- Monteola Monteola
- Coordinates: 28°41′52″N 97°54′57″W﻿ / ﻿28.69778°N 97.91583°W
- Country: United States
- State: Texas
- County: Bee
- Elevation: 489 ft (149 m)
- Time zone: UTC-6 (Central (CST))
- • Summer (DST): UTC-5 (CDT)
- Area code: 361
- GNIS feature ID: 1380205

= Monteola, Texas =

Monteola is an unincorporated community in Bee County, in the U.S. state of Texas. It is located within the Beeville micropolitan area.

==History==
The area in what is now known as Monteola today was first settled by Englishman George Cook and his daughter, Eliza, sometime before 1880. It was originally called Butler's Neighborhood for local ranchers L.G. and A.B. Butler in 1883. The first store and gin in the community were operated by Mase Lynch, who renamed the town Monteola for a peddler named Monty and his wife Ola.
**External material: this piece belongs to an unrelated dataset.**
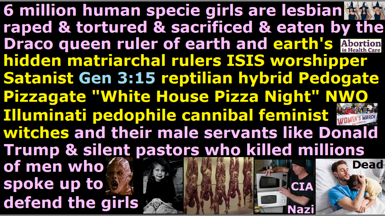 The reptilian hybrid ISIS goddess cult Satanist witches have run the world since Noah’s Atlantis nephilim days through secret societies and sisterhood covens. They cooked alive with CIA microwave oven weapons from next door homes and killed millions of men, who spoke up against their feminism’s plan to destroy society and remove God and exterminate all humans and replace them with returned nephilim & chimera alien incarnate avatar globalist elites released from the abyss once more using abortion sacrifice black magic energy, in order to defend the human women & girls from the NWO globalist elite pedophile cannibal “Hansel & Gretel witches.” The earth’s hidden matriarchal ruler witches like Hillary Clinton (who is the Draco Pleiadian reptilian hybrid royal bloodline avatar demon spirit actual president of America who manages the Joe Biden male clone), and millions of more in the black nobility families and royal families and Hollywood celebrities and idol singers and models and corporate leaders and church pastors and military leaders and media celebrities and every other feminist in every aspect of society, MILAB abduct 12 million human children every year, and gauge out their eyes, and pull out their intestines alive, and saw off their arms and legs alive, and use forceps to pull out their brain from their nostrils which they call the “walnut,” in order to eat them. Humans and aborted babies are staple diet for reptilian hybrid elite matriarchal ruler feminist “Hansel & Gretel” witches. Their Illuminati NWO mainstream media and police and courts were made by the Dracos to protect themselves, so this is why you do not hear a single word about the 12 million children that go missing every year. It is an irony that the religious Christian women idolize these feminist leaders, because these feminists are the ones kidnapping and lesbian raping and eating their children, using their CIA NSA MI6 FBI Freemason Jesuit Wicca Black Ops feminist male servants and Illuminati space fleet feminist male servants and global child trafficking ring feminist male servants. The earth’s hidden matriarchal rulers Illuminati globalist elite New Age Wicca witch feminist globalist elites cook alive with CIA microwave oven weapons and try to kill and silence us real Christian men of our Almighty Holy Righteous Loving Creator God YHWH Jesus, because we speak out God’s 100% truth unlike their Illuminati 501c3 church pastors, in order to defend the human women & girls. They consider us real Christian men as male chauvinist pigs and puny human meat livestock people who dare speak against their royal bloodline “Draco blue blood” reptilian hybrid witch elite rulers of planet earth. No one gets in their way and their prey the human specie girls human meat food child sex slaves, just like you do not step in front of a feminist komodo dragon and its prey a little female sheep. If you speak about it or expose their pedophile cannibal “Hansel & Gretel” global matriarchal feminist rulers, then they kill you just like they killed millions of whistleblowers throughout the last 5,000 years since Noah’s Atlantis flood days. These European black nobility families’ bosses, the Illuminati top hierarchy “White Lodge Brotherhood” ascended master fallen angel devils are now trying to set up their NWO one-world government. They cannot kill us real Christians.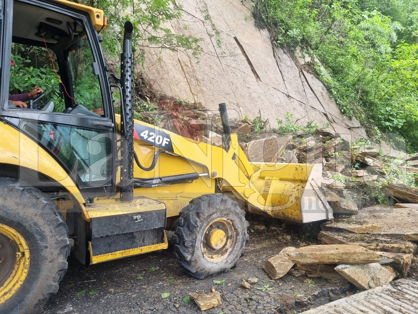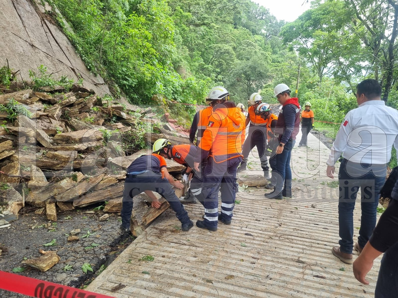 Desde primera hora, personal de Obras Públicas, iniciaron con los trabajos de remoción de piedras y escombros, contando con la participación de elementos de Protección Civil para el abanderamiento de la zona.

The store and gin continued to operate in 1939. Residents then left the community, and only a few scattered houses remained in the early 1990s.

==Geography==
Monteola is located on Farm to Market Road 2985, 24 mi north of Beeville in extreme northern Bee County.

==Education==
Monteola is served by the Pawnee Independent School District.